Europe's mass car producers: the 6.4bn Dollar Question

While budget players like Hyundai and Kia continue to do well in Europe, as do the premium brands like BMW and JLR, the 'squeezed middle' of Ford Europe, GM Europe, Peugeot-Citroen and Fiat are expected to lose a combined $6.4bn this year.

While budget players like Hyundai and Kia continue to do well in Europe, as do the premium brands like BMW and JLR, the 'squeezed middle' of Ford Europe, GM Europe, Peugeot-Citroen and Fiat are expected to lose a combined $6.4bn this year.

That has left firms scrabbling to find ways to restore profitability, including plant closures and tie-ups to cut the costs of developing new models.

Peugeot-Citroen is now thought to be looking for a possible tie-up (life-line?) with the Chinese firm Dongfeng. And partly as a result of that, General Motors (which is closely tied to Dongfeng's rival Shanghai) has cashed in its seven per cent stake in Peugeot as part of a broader scaling back of the alliance between the two.

Peugeot is thought to be looking at a €3 billion capital increase (share issue to you and me), with both Dongfeng and the French government potentially buying a stake, thereby acquiring around 20% per cent each of Peugeot. It would be yet another bail-out by the French government.

Peugeot-Citroen's automotive division lost €510 million in the first half of 2013, and is expected to lose around €750 in the second half of 2013. It burned through an impressive €3 billion in cash in 2012, and has been kept going by a series of hefty bail outs by the French government in recent years.

This year the firm expects to burn through another €1.5 billion but to break even by the end of 2014. That target looks rather optimistic.
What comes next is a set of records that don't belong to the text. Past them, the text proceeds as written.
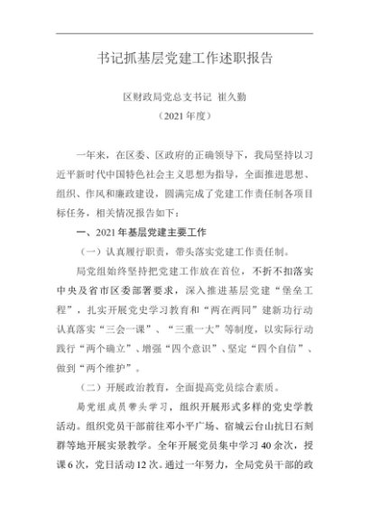 / 述职报告:2021年度书记抓基层党建工作述职报告(财政局)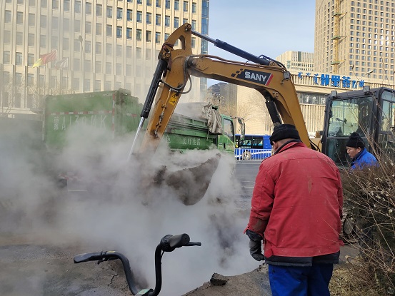 在鄂爾多斯東街龍谷華庭和銀聯(lián)大廈樓前臨街道路欄桿旁,緊靠人行道的一臺挖掘機正發(fā)出轟鳴聲,地溝內(nèi)不斷冒出騰騰熱氣這是1月2日下午15:00,在該地段搶修一次管網(wǎng)的畫面。當日,熱心市民發(fā)現(xiàn)該處路段人行道有熱水冒出。城發(fā)橋靠分公司第六運營所工作人員接到熱線通知后,立即趕往現(xiàn)場。經(jīng)測水溫為74℃,確定為一次網(wǎng)漏水。所長耿焱立即逐級上報,并安排所部人員對漏點進行現(xiàn)場安全防護,同時對漏點情況進行觀察。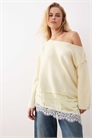 Пушистый асимметричный джемпер с контрастным атласным кружевным подолом
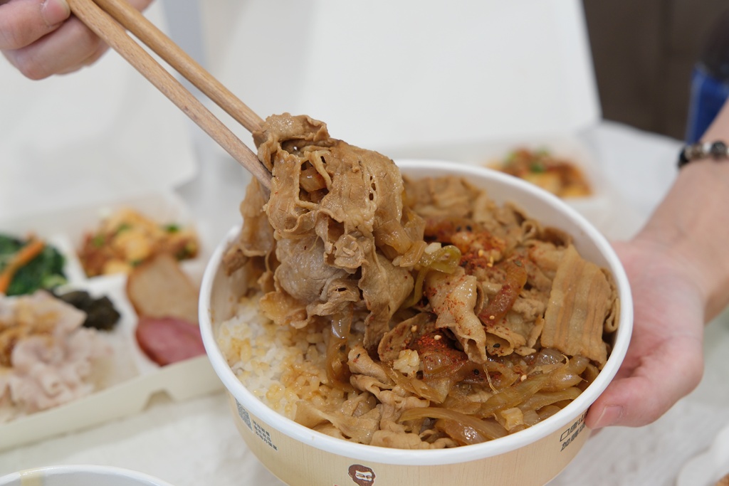這次最主要就是想試試看這款新品!選用鬍鬚張特製的醬料,搭配油脂分布均勻的豬肉片與新鮮洋蔥一同熬煮,口味鹹中帶甜,可撒上「七味唐辛子」,香香辣辣的更提味,根本是白飯殺手!最讓我驚艷的是肉片份量很多,多到完全看不到飯,而且每一片肉都很厚實,不是碎肉片那種~和吉野家、SUKIYA 相比,整體份量實在許多,價格也是完全打趴!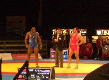 それにしても、会場のムードは異様だ。グレコローマンって人気があるんですね。試合前、米国の記者がパソコンを持って日本記者の席にやってきて、動画を見せてくれた。23日に女子の栄監督が指導したユースキャンプのもようで、これをネットにアップしたところ、非常に好評で、「ためになった」というメールが1万通(のわけない)も送られてきたそうだ。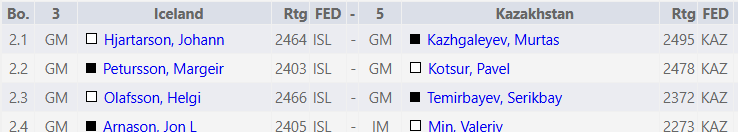 Kazakarnir taka forystu ásamt Ítölum sem lögðu Englendinga að velli. Íslendingar detta aðeins niður stöðutöfluna en engin ástæða til að örvænta. Bandaríkin og England hafa jafnmarga vinninga og íslenska liði og mikið er eftir af mótinu!

While raising fresh capital from Dongfeng and the French government will help reduce Peugeot's debt, and buy more time, it won't change the firm's underlying fundamentals such as the lack of capacity utilisation, high costs, and poor revenue growth.

Meanwhile, Peugeot's ex-shareholder General Motors has decided to largely scrap the Chevrolet brand in Europe. Taking an American brand best known for big cruisers and slap it on cheap small cars made mainly in Korea by the defunct Daewoo and then sell them in Europe was always a pretty dumb idea.